Right Working Romantic Related Learning Friendly Healthy Legal Inspirational Unfiltered

Unfiltered Story #392076

, , | Unfiltered | October 7, 2025

My father and I have had a very up-and-down relationship over the years, especially just after my mother passed away. In short, he seems to expect me to be a clone of him; if I ever have a differing opinion, lifestyle choice, even HEALTH issues, he somehow either tries to “fix it” by bringing up things he’s done or tell me that I’m just being stubborn and intentionally being different just to “fight him.” There’s also only ever about a 1/10 chance of someone dragging an apology out of him, about that or anything else, with the rest of the time him expecting everyone to “just let it go” and “move on.”

About the only thing he never gave me grief about was coming out as bisexual and marrying another man; in fact he broke down in tears of happiness that I had found someone so good and loving that I was happy with. Unfortunately, shortly after that my husband came down with several serious conditions. The good news is that it’s not under control through medication thanks to Medicare; the bad news is that medication also makes him sleep about 12-16 hours a day, which makes finding and keeping a job very difficult, especially with only one car between us in the suburbs. I make enough money to take care of both of us, but only just barely, and every time our savings goes up some eventually some expense comes along that chops it back down.

My father, of course, acts like it’s still the 1950’s/1960’s when he was growing up, and that my husband should be able to “just get any job within walking distance.” The fact that we’re in a dense area, so any time a job opens up he COULD handle there’s about 50 applicants for 2 positions, is lost on him.
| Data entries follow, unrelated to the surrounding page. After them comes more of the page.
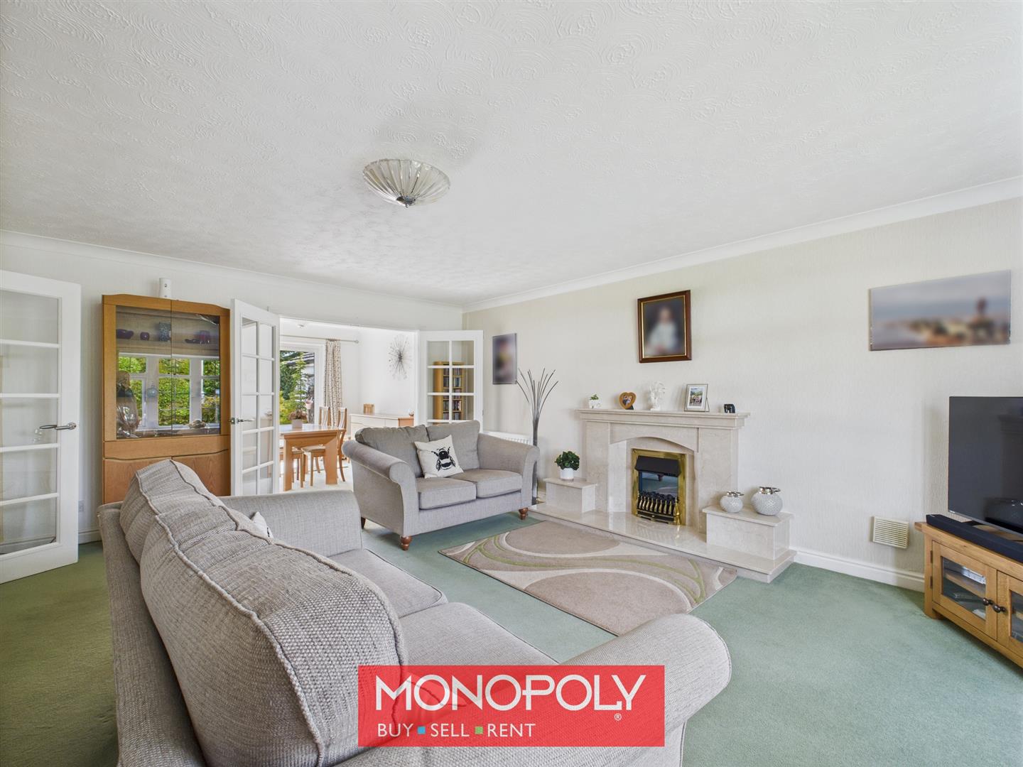 This inviting lounge is carpeted and filled with natural light from a charming bow window. It features a stone fire surround with a matching hearth and built-in shelving framing an electric fireplace, creating a warm and cosy focal point. A coved ceiling, radiator, and TV point add to the comfort, while a glass panelled door leads to the hallway and twin glass panelled doors open into the dining room, enhancing the sense of space and flow.
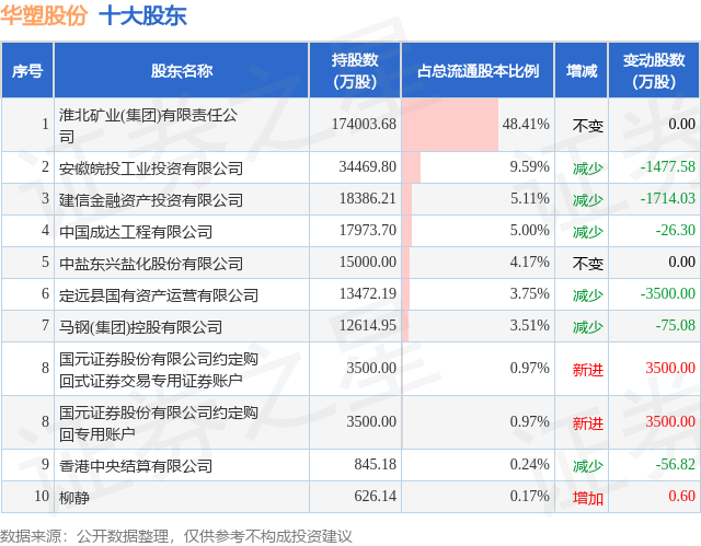 根据华塑股份2025年三季报公布的十大股东详情如下: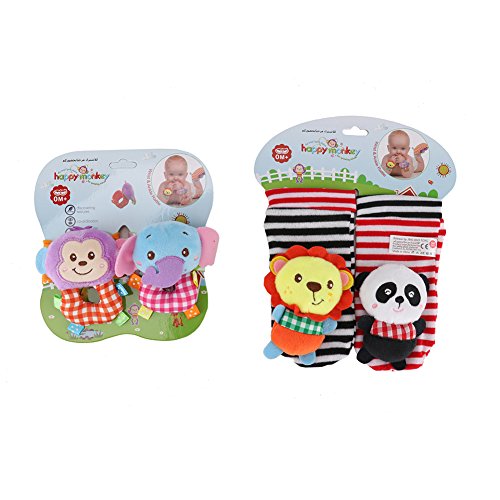 --Style: monkey and elephant wrist rattle,lion and panda foot finder sock.
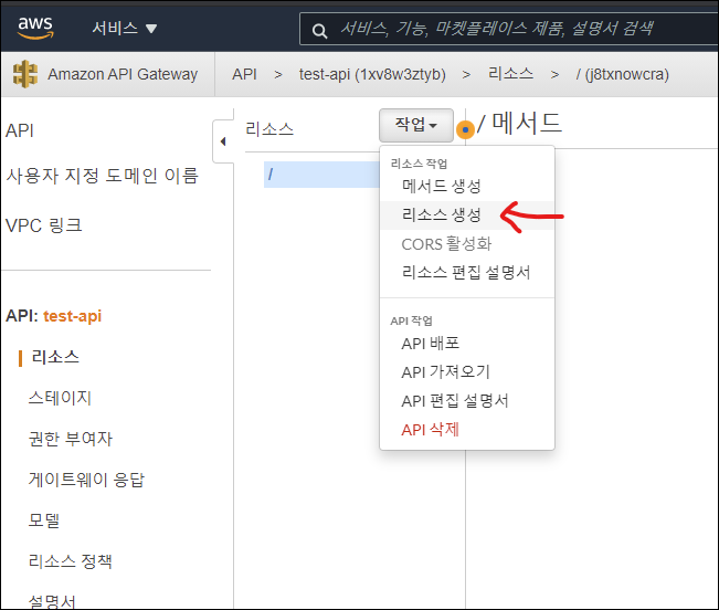 1. API Gateway 리소스 생성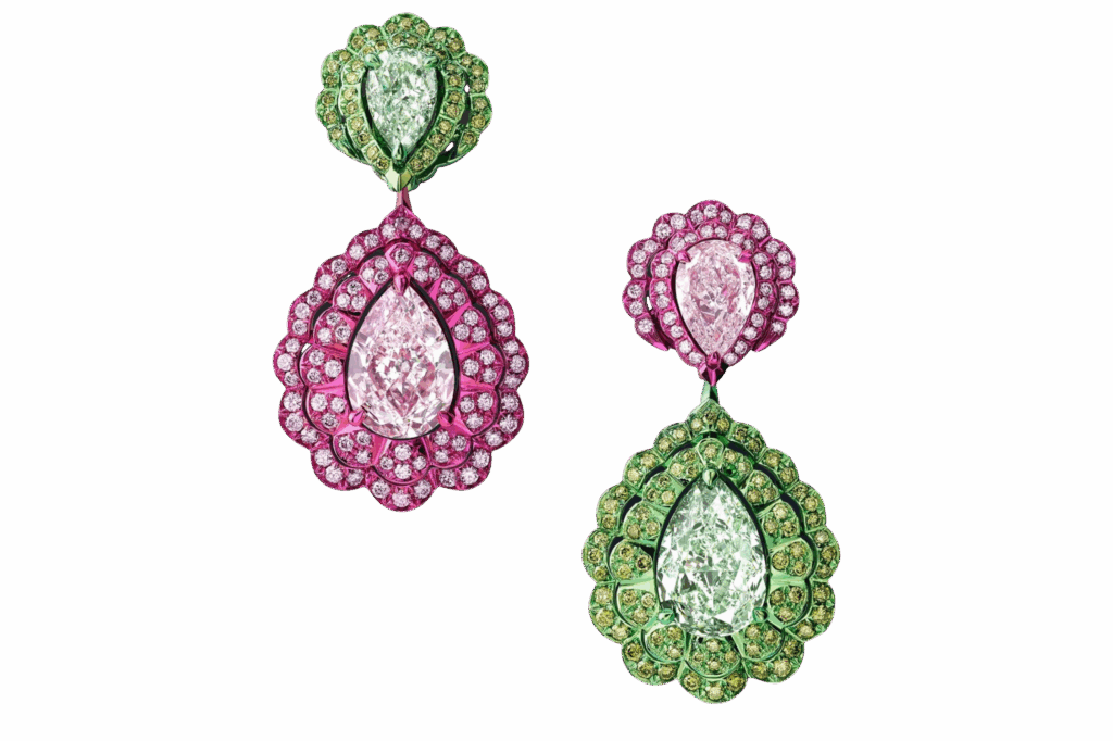 أقراط تنبض بالألوان، تجمع بين الياقوت الوردي والأخضر مع لمسات من الماس المتلألئ، في مزيج يعكس البهجة والرقي.

The fact that trying to get Social Security Insurance (since he’s apparently “not disabled enough” for disability despite clearly meeting the criteria) has been an ongoing multi-year hassle that we’re now talking with legal aid about is obviously our fault for not being proactive enough. I have asked more times than I can remember to please stay out of our financial affairs, as it always, always, ALWAYS turns into a fight.

The final straw came earlier this year, the day after my birthday. I had not received card, email or phone call from them, and that marked an entire year where I had ever been the only one to initiate contact, including both my and my husband’s birthdays two years straight despite us making sure to contact them for every appropriate holiday and birthday, outside of his occasional forwarded humor or political emails and even then that was to a group. Slightly disgruntled, I called up, and of course he doesn’t apologize, just a half-joking, “Oh! Well, I suppose I should probably be saying happy birthday, then!”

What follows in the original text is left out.